My issues with the film come in the form of the music and the plot details closer to the end. I didn't like many of the musical choices and found a few of them to be almost distracting. Some unique songs with an African flare didn't seem to really fit in the overall scheme. Also, the twist that added another dimension to the plot seems extremely farfetched and made me scratch my head. Up until that point in the film, I thought Peele had a great story going but the ultimate reason for the hypnosis of the black people was too over the top for me.

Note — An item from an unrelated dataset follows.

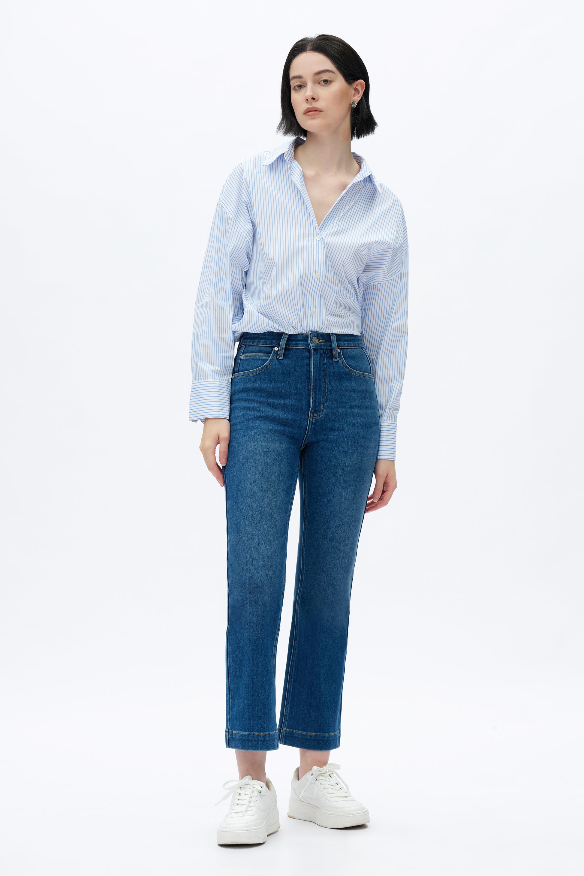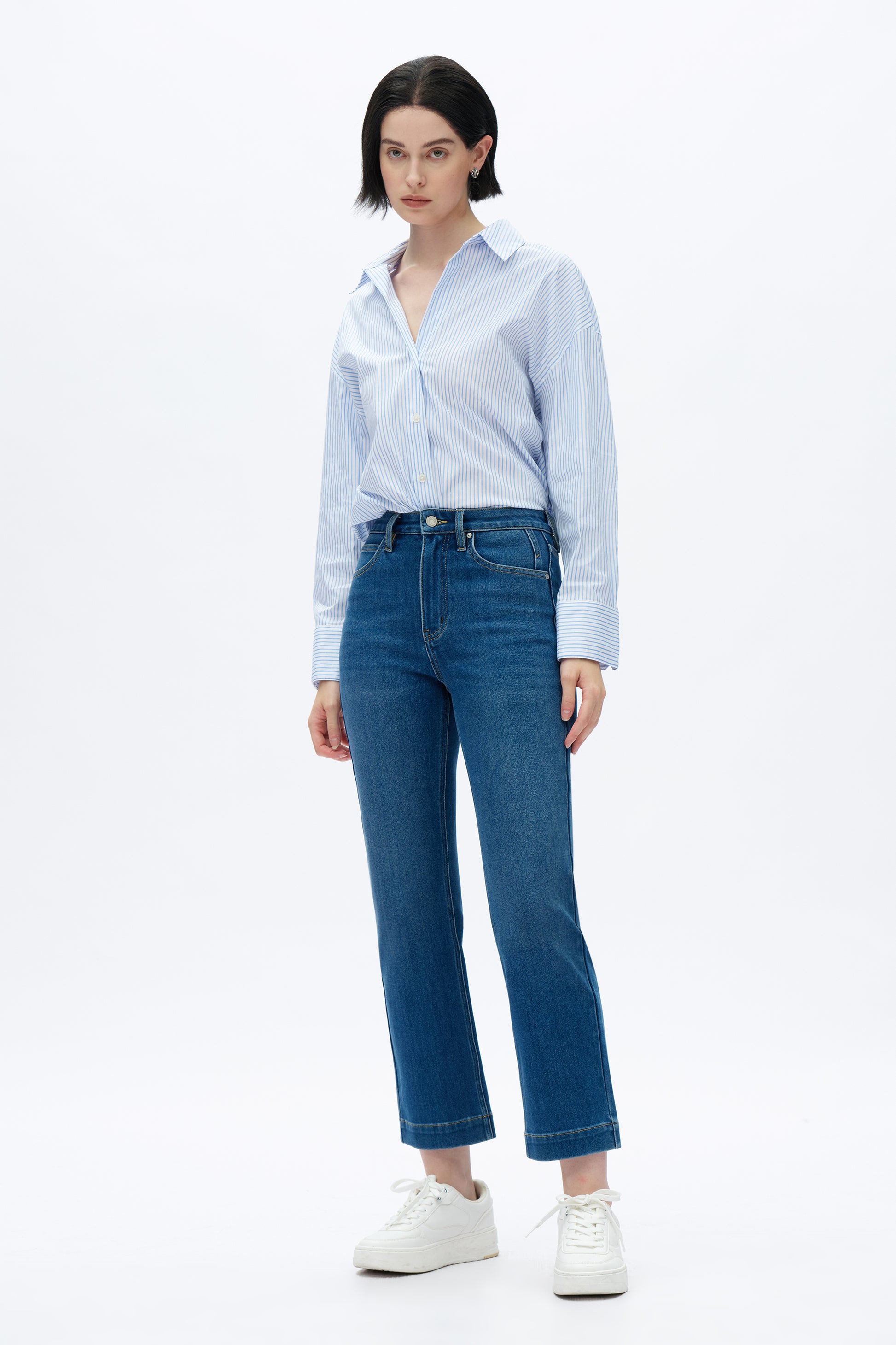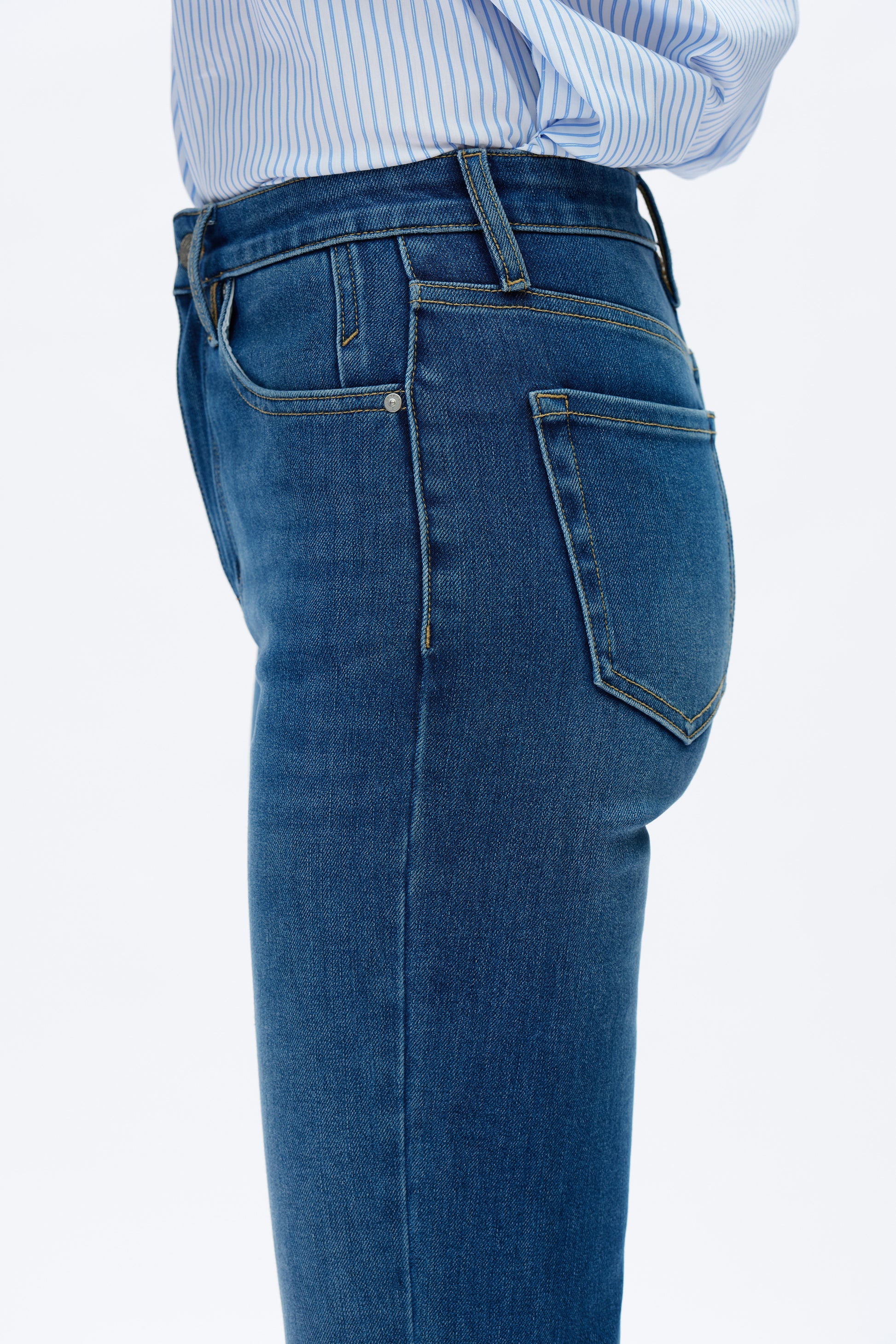 high rise slim straight pants, five-pocket style, zipper closure, front with whisker and hand-faded finish, good stretch for comfortable wear

The cast is terrific and Williams and Kaluuya are well suited to these roles. I have a particular soft spot for Bradley Whitford (The West Wing), who plays Rose's father, Dean, and Catherine Keener (Captain Philips) who plays her mom, Missy, is well cast as the psychologist motherly type with a touch of sinister hidden just beneath the surface. LilRel Howery (The Carmichael Show) adds some great comic relief as Chris's friend, Rod. The only one I really didn't like was Caleb Landry Jones (X-Men: First Class) as Rose's brother, Jeremy. He was simply too weird for a family trying very hard to seem normal and he acted more like a high school student than a medical student.
Ultimately, Peele has a solid script and a knack for storytelling in an appealing way which makes Get Out is more enjoyable than many of the other suspense/thriller/horror movies being made today. Adding a touch of humor also makes the film more appealing and brings a little fun to an otherwise disturbing story.